As the shear limit increases from 5 cm to 10 cm, the ductility demands increase significantly while the strength demands decrease slightly to achieve MCE performance, as illustrated in 10b and 11b. This demonstrates that the ductility demand of the articulated Y-shaped piers can be remarkably enhanced by inserting a larger gap between the bearing and the shear keys.

3.5. Energy Dissipation before and after the Expected Performance

Figure 12 presents three distinct hysteretic curves for three types of CFST-Y piers with identical structural dimensions at h of 6 m under cyclic loading. The curves before and after the MCE performance are colored in blue and black, respectively. For the monolithic pier as illustrated in Figure 12a, the ultimate horizontal load is ~1005 kN. The absorbed energy before the MCE performance is 226.2 kN∙m, and after the MCE performance, the residual energy to be dissipated before failure is 293.0 kN∙m. This indicates that the monolithic pier has balanced energy dissipations before and after the MCE performance. For the braced articulated pier as illustrated in Figure 12b, the maximum horizontal load is ~1545 kN. The absorbed energy before the MCE performance is 115.0 kN∙m, the least among the three; while the residual energy before failure is 376.2 kN∙m, the largest among the three. This indicates that the braced articulated pier has the least energy dissipation before the MCE performance. For the free articulated pier as illustrated in Figure 12c, the maximum horizontal load is ~1575 kN. The energy absorbed before the MCE performance is 344.0 kN∙m, the largest among the three; while the residual energy before failure is 162.6 kN∙m, the smallest among the three. This indicates that the free articulated pier has the largest energy dissipation before the MCE performance.

The absorbed energy before the desired performance can be characterized as the post-yielding ductility between the first yielding and the corresponding performance point. This determines to what extent the local ductility of structural members can be utilized for mitigating the intended earthquake shakings. On the other side, the residual energy before failure can be characterized as the redundant ductility between the performance point and the ultimate ductility capacity. The larger redundant ductility the pier has, the more safety redundancy it remains. Thus, in the seismic design of CFST Y-shaped piers, a proper pier–deck connection should be first selected to decide the energy dissipation strategy before and after the desired performance.
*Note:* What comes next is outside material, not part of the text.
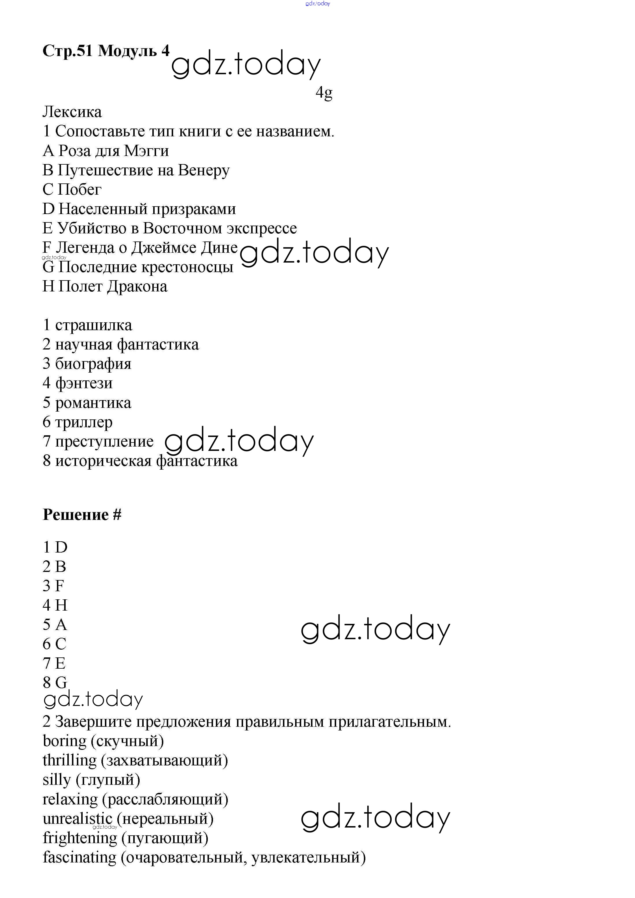 Ответы к Страницы (решение) 51 Рабочей тетради по Английскому языку для 8 класса Баранова, Дули Углубленный уровень Просвещение Starlight 2015

Figure 13 shows the absorbed and residual energies, corresponding to the respective upper and bottom contour diagrams, for the three types of piers with different structural dimensions. For each type of pier, both energies are functions of the two structural dimensions (h₁ and h₂), both ranging from 1 m to 7 m. Consistent with the case (h₁ = h₂ = 3 m) shown in Figure 12, the energy dissipations of each type of pier differ remarkably before and after the MCE performance and are determined by the structural dimensions. That is, with the identical cross-sections in the CFST-Y piers, the structural dimensions determine the stiffness of structural members and thereby, the absorbed and residual energies.
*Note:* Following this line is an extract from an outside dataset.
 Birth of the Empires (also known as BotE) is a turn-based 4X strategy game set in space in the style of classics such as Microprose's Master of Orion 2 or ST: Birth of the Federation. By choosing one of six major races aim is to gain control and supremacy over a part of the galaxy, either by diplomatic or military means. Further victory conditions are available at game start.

For the high piers with small global stiffnesses, both the absorbed and residual energies are small regardless of the pier–deck connections, as shown in the top-right corner of each diagram; except, the absorbed energies of the braced articulated piers are usually less than that of the monolithic piers, and further less than that of free articulated piers; whereas the residual energies of the braced articulated piers are usually larger than that of the monolithic piers, and further larger than that of free articulated piers. The opposite orders in the absorbed and residual energy dissipation suggested that the braced articulated piers are preferred if the largest safety redundancy is pursued. However, if cost-effectiveness is pursued, the free articulated piers are preferred for achieving a specific performance under low-level earthquakes. In this case, the inclined members in the free articulated pier may act as fuses for extra energy dissipation.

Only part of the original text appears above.